Your copy should repeat the data that follows exactly and contain no image.

───── DATA BLOCK ─────

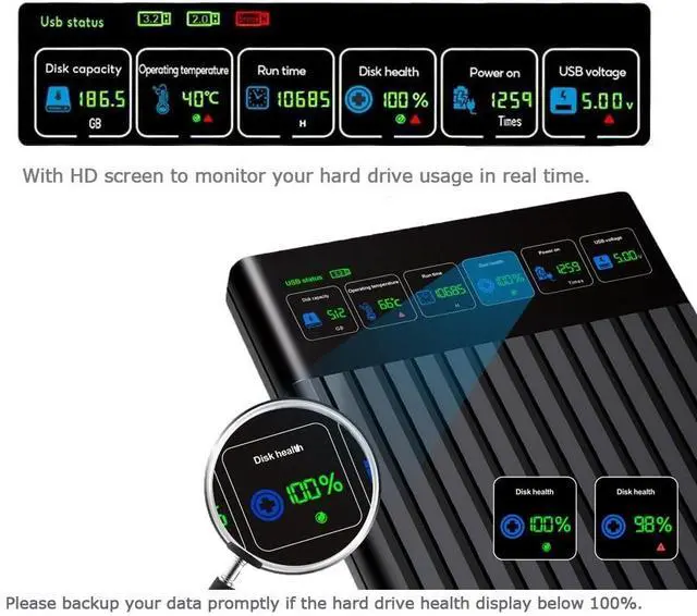 HWAYO Portable External Hard Drive With HD Screen Display1. HD Screen Design - This external hard drive with HD screen display to monitor your hard drive usage in real time.
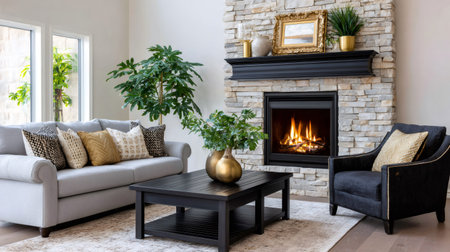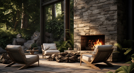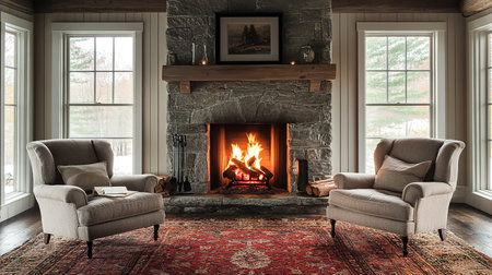 A warm and inviting living room featuring a large stone fireplace, modern armchairs, wooden furniture, and soft lighting. The space combines rustic and contemporary elements for a cozy ambiance. AI generated image
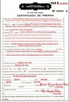 2.11.1 Ejemplo de formato de Certificado de Prenda

─────

§ OUTPUT OF THE EXERCISE
 HWAYO Portable External Hard Drive With HD Screen Display1. HD Screen Design - This external hard drive with HD screen display to monitor your hard drive usage in real time.
 A warm and inviting living room featuring a large stone fireplace, modern armchairs, wooden furniture, and soft lighting. The space combines rustic and contemporary elements for a cozy ambiance. AI generated image
 2.11.1 Ejemplo de formato de Certificado de Prenda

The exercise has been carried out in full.